Everything we mention was probably also known by somebody, but it was
hard to Google. If anyone knows any related references regarding the
weird missing macroexpand semantic, do send them our way.

Oh, and here is a prototype implementation of the Weird Semantic:
https://gist.github.com/alandipert/331885e36756e691f41a

Alan Dipert
Micha Niskin

1. https://github.com/feature-macros/clojurescript/tree/feature-macros/feature-macros-demo
2. http://dev.clojure.org/display/design/Feature+Expressions?focusedCommentId=6390065#comment-6390065

Alan Dipert

unread,

Jan 22, 2015, 11:58:46 PM1/22/15

to cloju...@googlegroups.com

I forgot to acknowledge also Adrian, who responded to our thread yesterday with maybe the simplest formulation of the Feature Macro problem: macroexpansion works from the outside in.
Alan

James Reeves

unread,

Jan 23, 2015, 11:27:04 AM1/23/15

to cloju...@googlegroups.com

Congratulations on your unannouncement.

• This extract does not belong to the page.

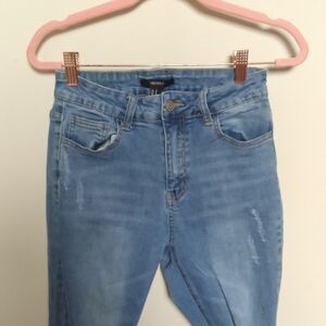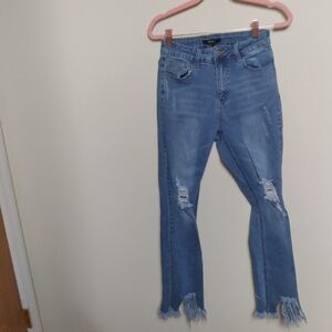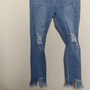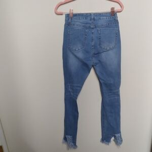 Forever 21 light wash high rise distressed five pocket stretch denim jeans with destroyed frayed hems

Being willing to try out new ideas is impressive; being able to accept and act upon criticism is even more so.

- James

--
You received this message because you are subscribed to the Google Groups "Clojure Dev" group.
To unsubscribe from this group and stop receiving emails from it, send an email to clojure-dev...@googlegroups.com.
To post to this group, send email to cloju...@googlegroups.com.
Visit this group at http://groups.google.com/group/clojure-dev.
For more options, visit https://groups.google.com/d/optout.

Rich Hickey

unread,

Jan 23, 2015, 5:32:01 PM1/23/15

to cloju...@googlegroups.com

Thanks for acknowledging the shortcomings, and prior work on the same idea.

I do think there are shortcomings to Common Lisp's #+, the primary being the one cited: it's not data. Without that, it is hard to make programs that generate feature-conditional programs, or ones that transform them.

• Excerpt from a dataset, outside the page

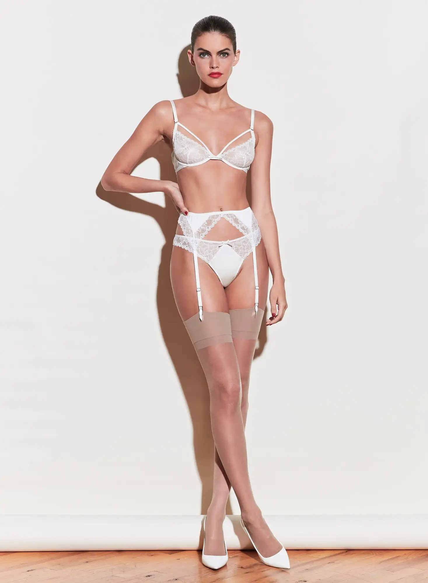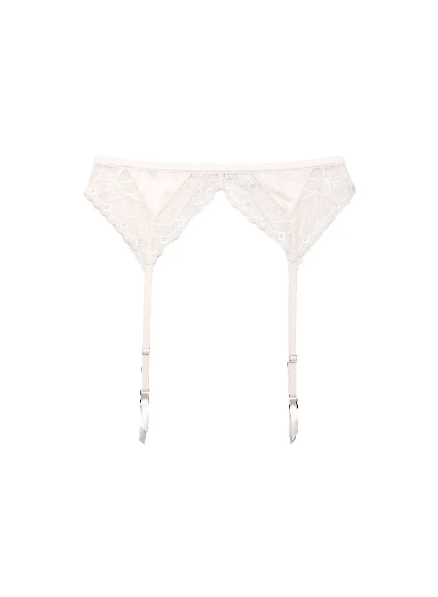 Our Gardenia Lace Garter Belt is the perfect addition to amp up your lingerie set. Features lace with black paneling at front and mesh paneling at back. Scalloped edges. Center back closure sits at waist. Pair with the matching Gardenia Lace Demi Bra and Thong for an immaculate set.

That can easily be solved with:

1) a proper conditional-read form:

(#? ...)

and

2) a mode of the reader that does *not* do conditional read processing.

==
Another deficit of #+ is that each condition is floating around in the code, not visible as a single set of choices. The case-* of the feature-macro proposal was nice in organizing these choices.

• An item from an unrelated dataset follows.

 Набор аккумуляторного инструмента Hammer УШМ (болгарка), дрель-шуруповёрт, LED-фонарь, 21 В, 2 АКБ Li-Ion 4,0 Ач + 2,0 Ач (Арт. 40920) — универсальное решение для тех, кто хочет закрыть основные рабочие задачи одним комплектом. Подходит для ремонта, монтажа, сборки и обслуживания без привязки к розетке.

I'm not sure about case-this vs case-that (i.e. features is a map with slots for this and that), or even 'case' as the right model (vs order-sensitive 'cond'), but the grouping is nice.

Setting aside features-as-map for a moment, given features-as-set, a form version could look like:

(#? :clj this :cljs that)

where #? reads as 'clojure.core/read-cond (or something).

Also interesting would be a splicing version ('clojure.core/read-cond-splicing):

(#?@ :clj [these-forms ...] :cljs [those-forms ...])

It's important that these be able to yield nothing, not nil, in order to be useful everywhere.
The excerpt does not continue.